In actuality, the UK thrashed just as hard as Germany, Brazil, Canada and the States and Worship Metal has selected another 6 unsung classics of UK thrash that deserve to be re-evaluated, re-assessed and re-played at eardrum bursting volume!

Thrash it up, UK style!

Concrete Sox – Whoops Sorry Vicar! (1987)

Concrete Sox – Whoops, Sorry Vicar! (2011, CD) - Discogs

Crossover kings Concrete Sox may not be the first name that pops into your head when you think of UK thrash but there was enough thrash to their hardcore punk sound to warrant inclusion here!

With an overall attitude reeking of sneering hardcore punk, it’s left to the music to lean towards ‘the thrash’ and the raw 1 minute 17 seconds explosion of “Scientific Slaughter” remains a crossover classic. 

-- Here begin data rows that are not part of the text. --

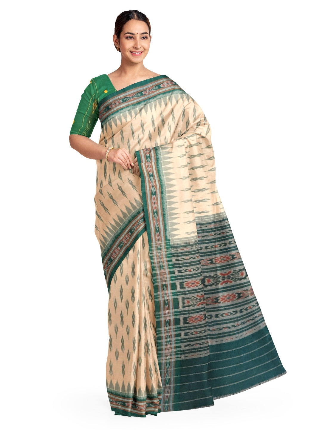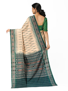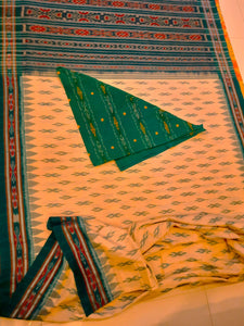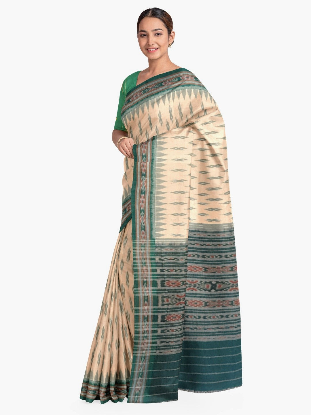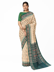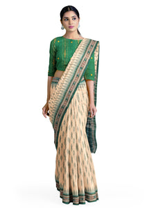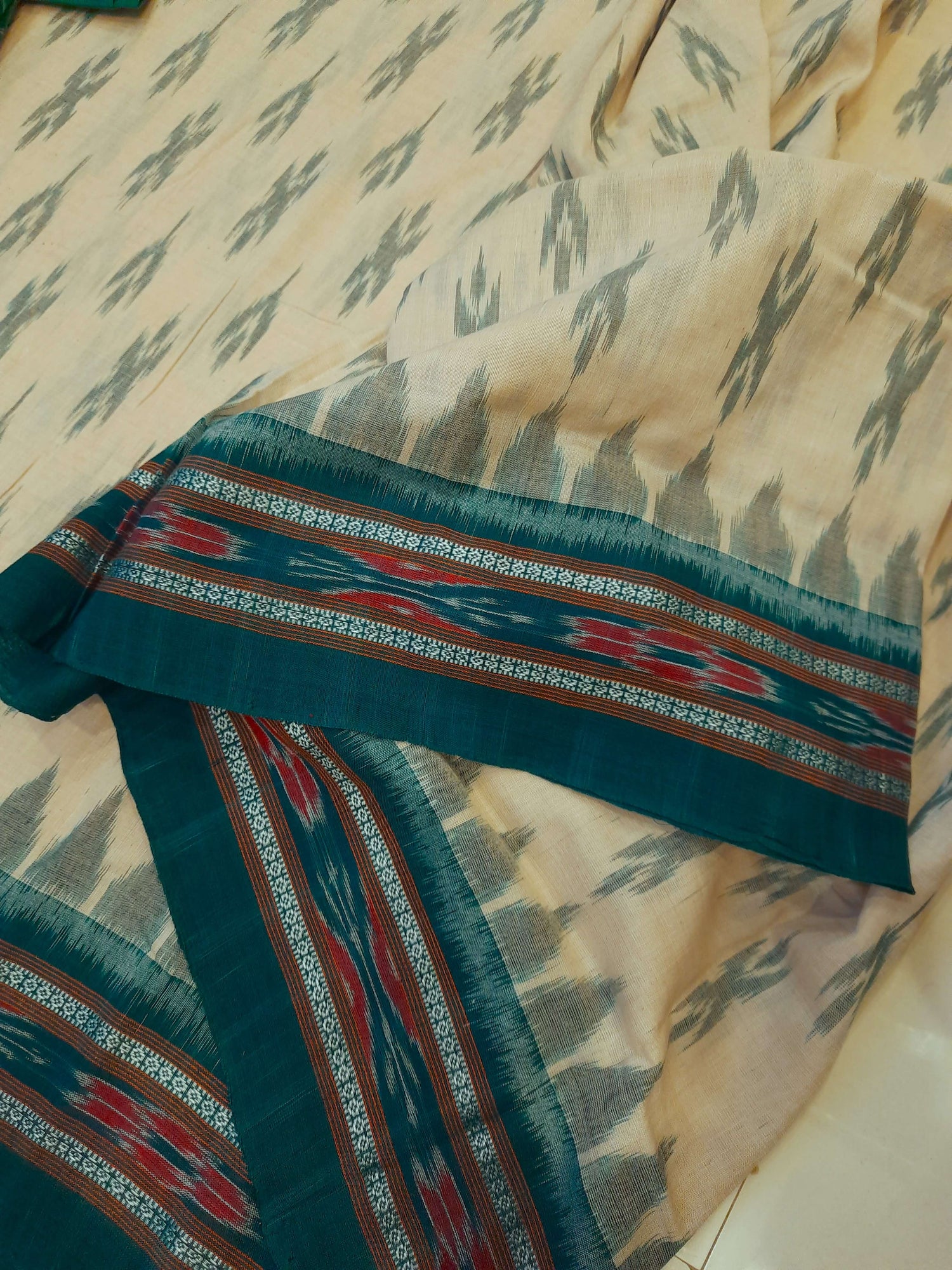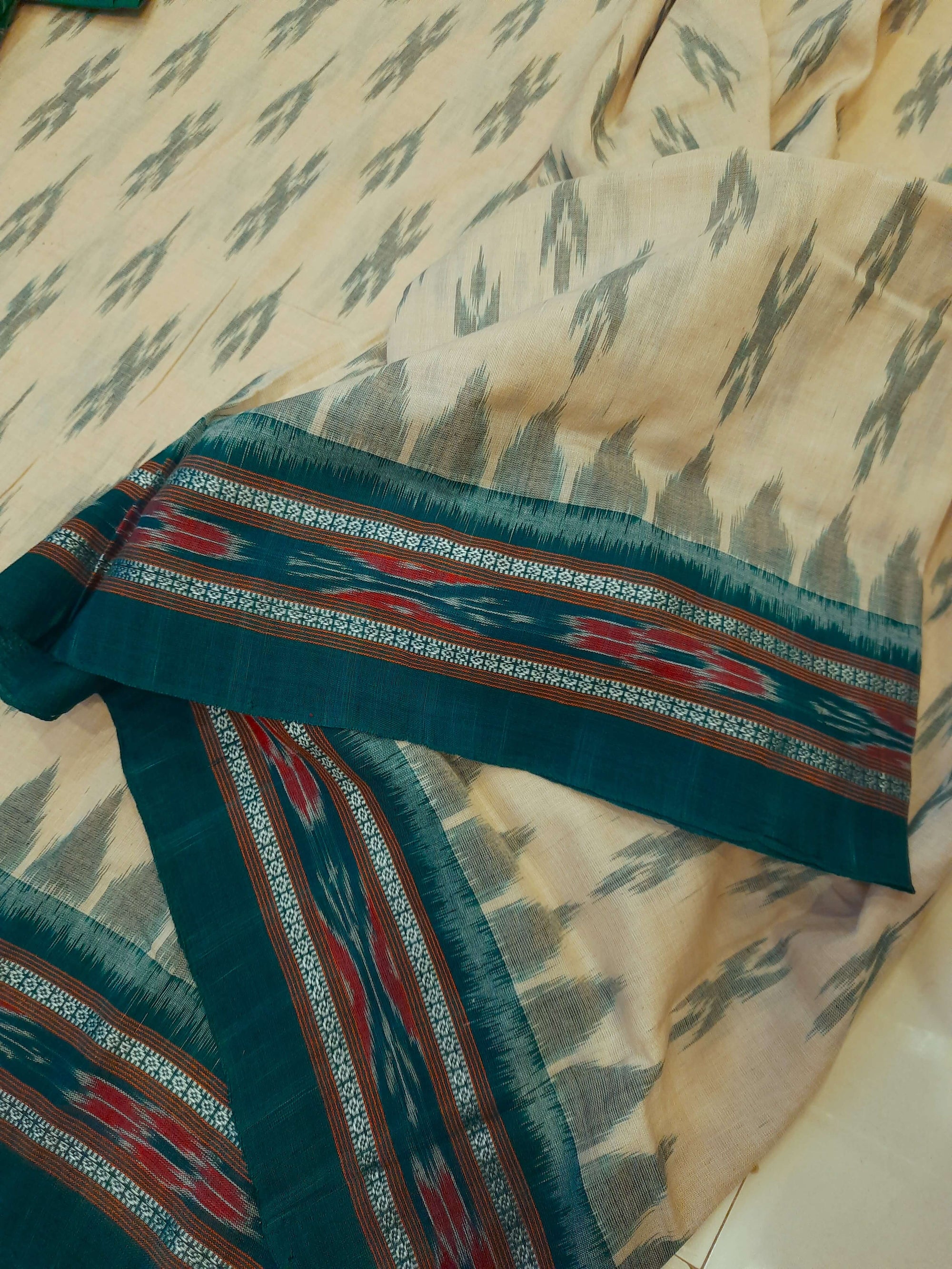 Beige with Green Cotton Odisha Ikat saree with cotton ikat blouse piece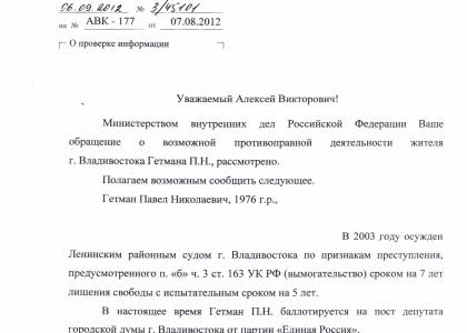 На имя депутата Госдумы фракции КПРФ А.В. Корниенко пришел ответ на его обращение от заместителя Министра МВД России Ю.Ф. Алексеева. Замминистра проинформировал депутата о наличии судимости за преступные деяния, которые можно отнести к разряду тяжких или особо тяжких преступлений, у кандидата в депутаты городской Думы города Владивостока от «Единой России» П.Н. Гетмана.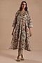 Featuring a beige kurta in feather linen base with a V-neckline and floral motifs. It is paired with tapered pants. Accentuate with statement jewellery and heels for festive occasions or family gatherings.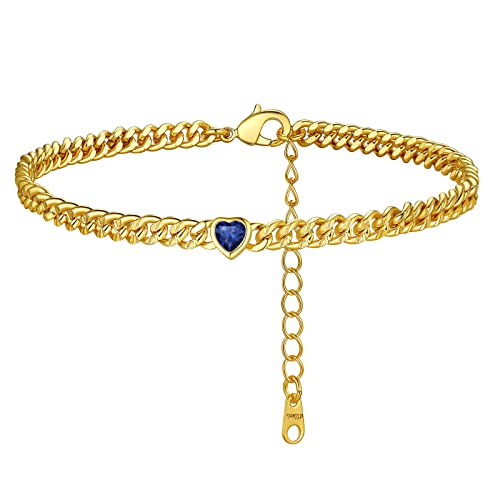FindChic Anklet Chain Birthstone Anklets for Women Feet Bracelet Heart Ankle Summer Jewelry Copper Ankle Bracelets for Womens Gold Cuban Link Foot Chains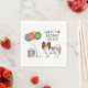 Destei's original cartoon illustration of a red and white coat colour Papillon breed dog. Next to the dog there are colourful birthday balloons tied on a dog bone and a purple and yellow colour present box. The background has a playful pattern of colourful pastel confetti on a white background. There is also a personalizable text area.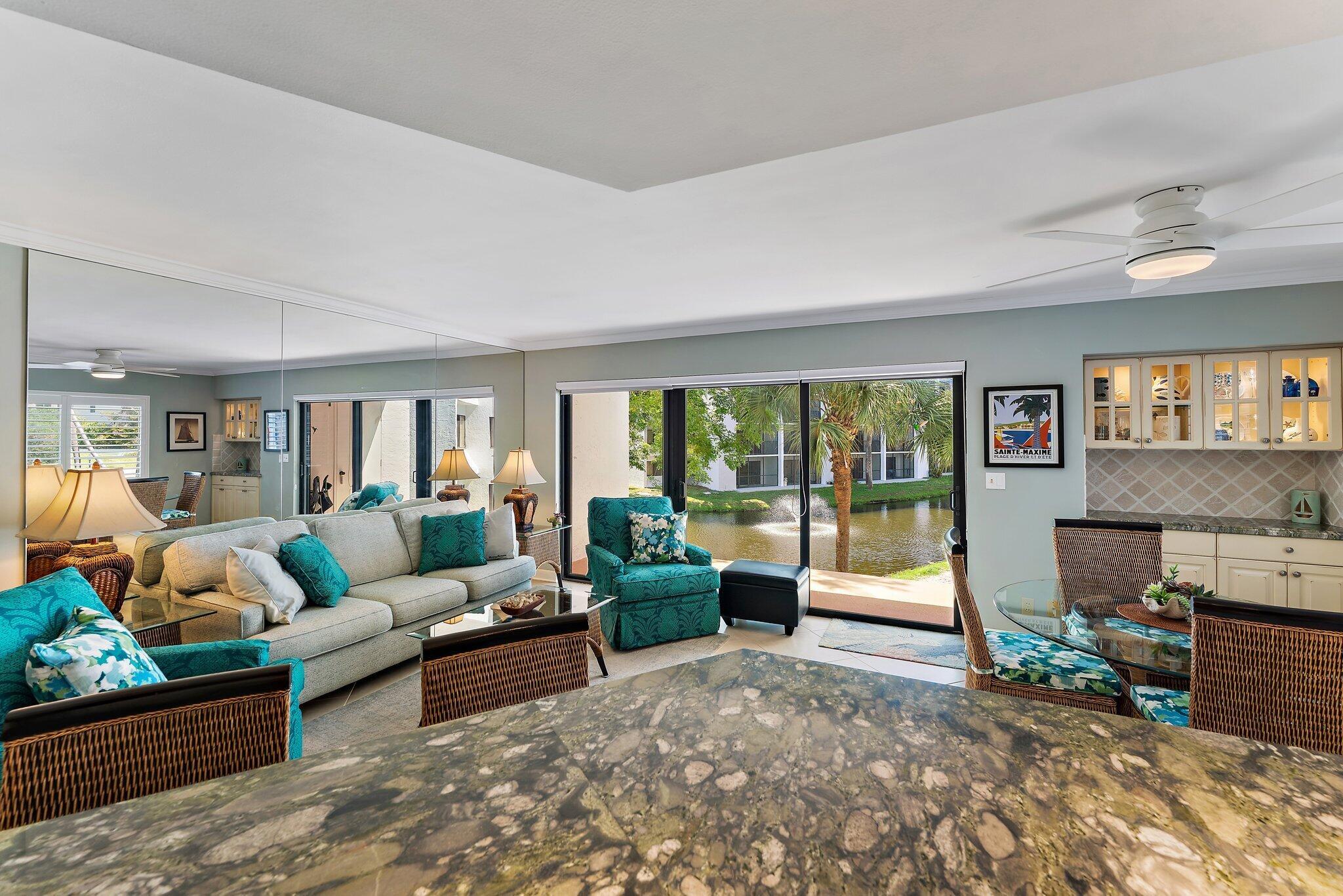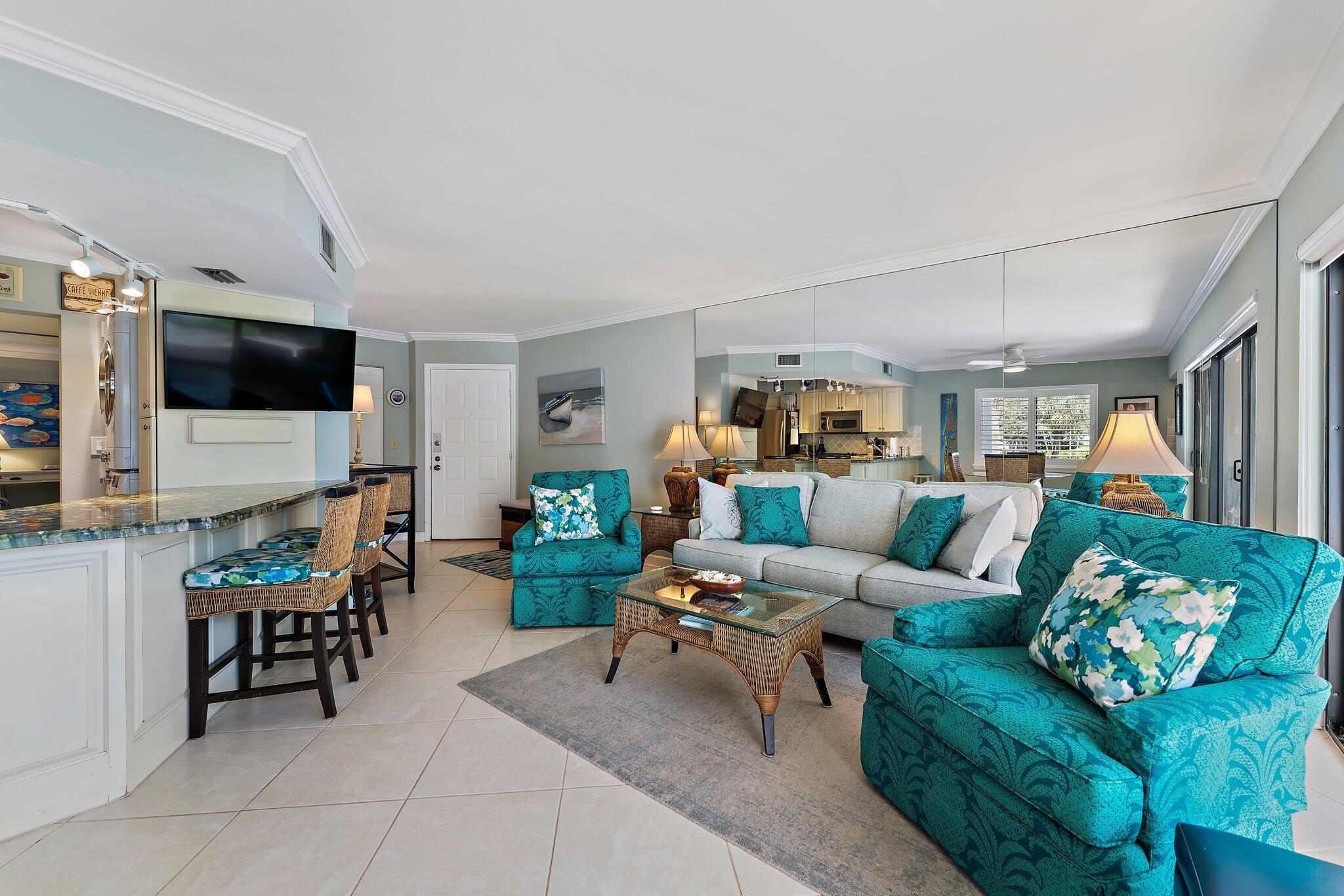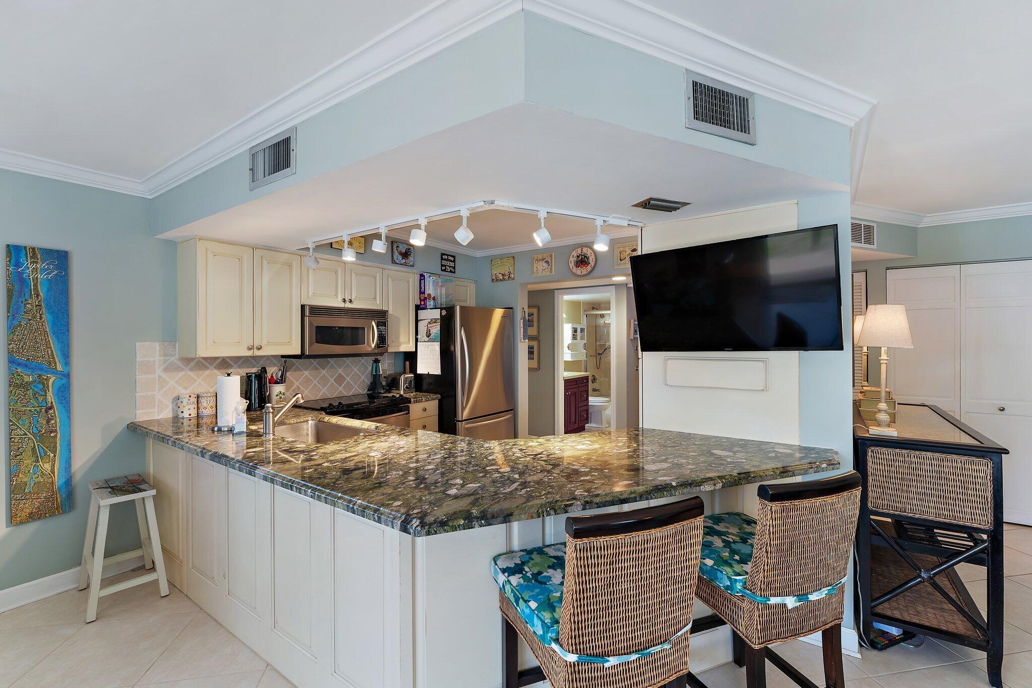 Rented Jan/Feb 2026- Perfection!!! This Coastal Charmer will delight you. Renovated with newer furniture. New Kitchen/Bathrooms. Impact windows. Perfect Condition. Just 3 minute walk to Jupiter Beach. Community Pool close by. King in Master with ensuite with walk in Shower. Twin beds in 2nd BR. Elevator bldg. Tile thru-out. Screened Balcony overlooking fountain. Gorgeous sun sets. Close enough to the Beach to hear the rolling surf & enjoy the ocean breezes. 13% tax on terms less than 6 mo 1 day. $100 JLR Compliance fee; $300 Exit Clean Fee.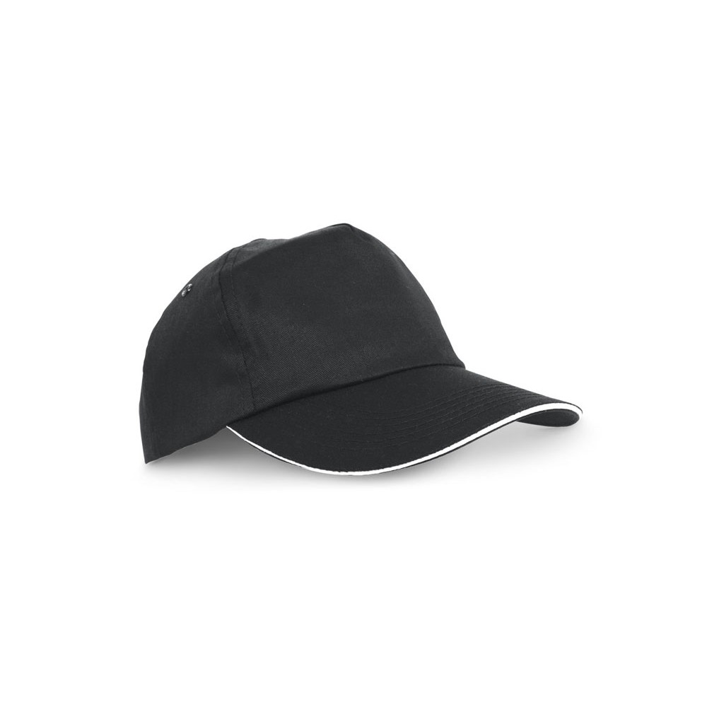 CLAIRE. Бейсболка sandwich, Черный. Бейсболка sandwich из полиэстера на регулируемой застежке-велькро. Вид нанесения, рекомендуемый поставщиком: вышивка, трансфер

There’s obviously humour aplenty (you don’t title your album Whoops Sorry Vicar! if you aren’t prone to jesting), and the genius of “Moustache (Acting Like a Maniac)” – which ably rips the piss out of Metallica‘s “Whiplash” – retains its value! 

As far as crossover thrash goes, you can safely file Concrete Sox alongside UK hardcore/crust punk/crossover thrash royalty such as Sacrilege, Onslaught, Cerebral Fix and Deviated Instinct


D.A.M – Human Wreckage (1989)

D.A.M. – Human Wreckage (1988, Vinyl) - Discogs

A relatively archetypical thrash album from the late 80’s, D.A.M‘s debut album, Human Wreckage, may have been lacking that killer edge to propel it into the big leagues but that doesn’t mean it wasn’t home to some bitchin’, occasionally hardcore-inflected, thrash! 

Taking a darker, edgier approach meant that D.A.M‘s excursions into semi-ballad territory – particularly on the atmospheric “Infernal Torment” – paid dividends for a band who were just as capable at high-speed riff-fests (check out the S.O.D-esque album closer, “F.O.D”). 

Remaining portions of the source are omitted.